I once flew on a very early flight out of New York for an early meeting in Cleveland. I arrived on time and was kept waiting for over an hour. When the client arrived he simply said “Sorry, I had a late start!!!!!!!!!!!!”
The time issue is a huge peeve of mine………………….
Ann L,
I agree with you–wasting a person’s time is a way of stealing from them. One of the mentors I most respect “fired” the student he mentors because he was late too many times. The last time, the mentor waited for the student for 10 minutes and left. When the fellow called to tell him he was there five minutes later, the mentor said, “This isn’t working for me.”
Further, that’s what cell phones are for. Letting the person you are meeting know what’s happening–traffic jam, that there are no busses or cabs, that a client called as you were walking out the door or a friend in distress–frees them to do something else or to cancel the whole thing if they need to get back to work.
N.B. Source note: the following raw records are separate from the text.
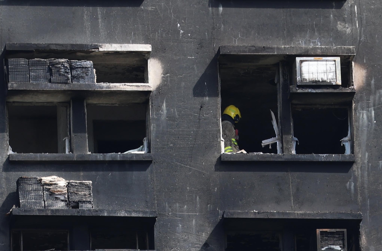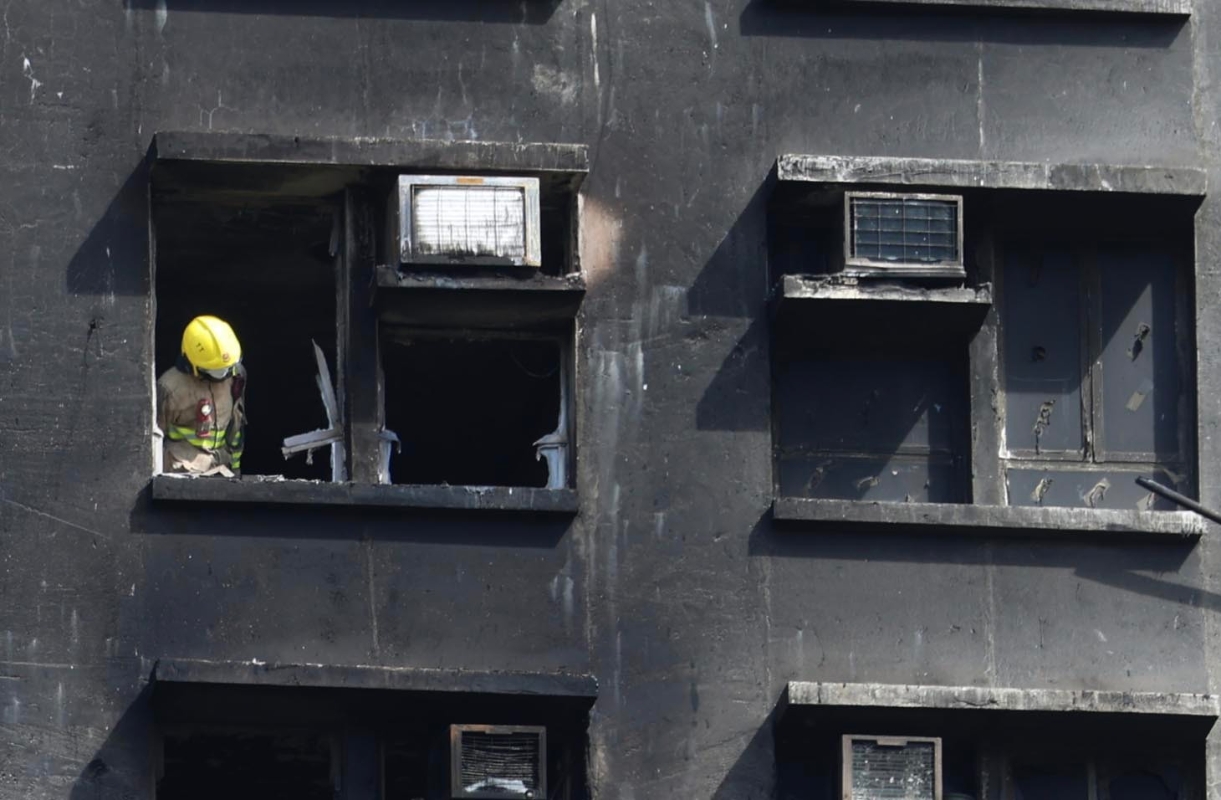消防員在焚廢的樓層排查。 【編輯:洪少葵】
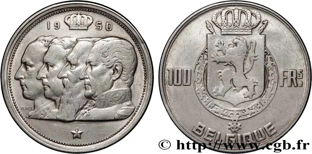 BELGIQUE 100 Francs portraits des quatre rois de Belgique, légende française 1950 fwo_879912 Monde Livraison Mondiale
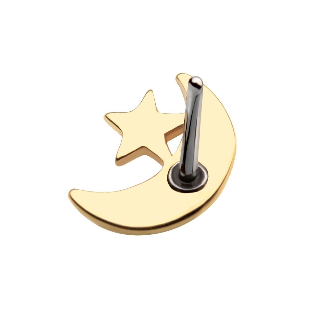 14kt Yellow Gold Threadless with Crescent Moon & Star Top
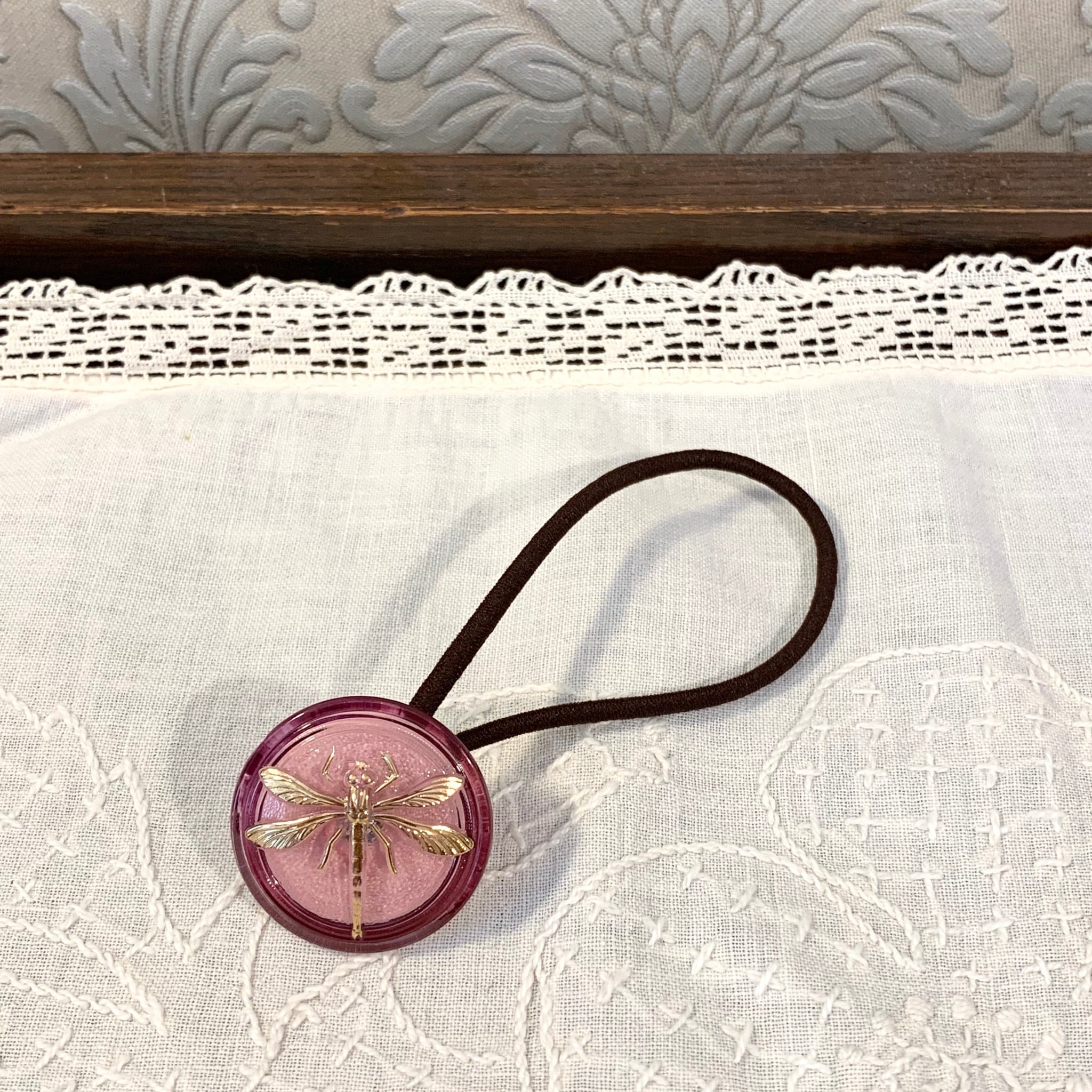 チェコで買い付けた手づくりのガラスボタンを使用したヘアゴムです。

I had friends who kept us waiting at busy restaurants for up to an hour on Saturday nights. This was a habit with them. We finally got smart and agreed to meet them only at their house or ours for drinks first. Otherwise, the stress of wasting a table and feeling under pressure to drink more than we wanted to or to order appetizers we didn’t want spoiled the evening for us.
Jeanne,
My biggest pet peeve has to do with Chicago, a city I’ve always enjoyed visiting and of which I have especially sad memories at this moment.
I suppose it was somebody in Chicago who foisted off upon us “Chicago Style” as being the right way to write English. I was taught otherwise, am used to the way I was taught, and more importantly like it better. I find this Chicago stuff confusing, illogical, and impossibly difficult to remember in detail and get right. Furthermore, it also makes it harder for me as a reader to understand the nuances of an author is about.
Then this business of not using Latin words like “circa” when they’re appropriate is also for the birds. I spent five miserable years trying to learn Latin and hated it, but long afterwards learned that it wasn’t lost time. Studying Latin taught me to appreciate how words evolved, acquired their meanings and became the rich things they are. Now those Chicago people want me to forget what Latin taught me?
I live in New York. I don’t see why I should take orders from those parvenu upstarts in the Midwest when I write? Why don’t more people complain?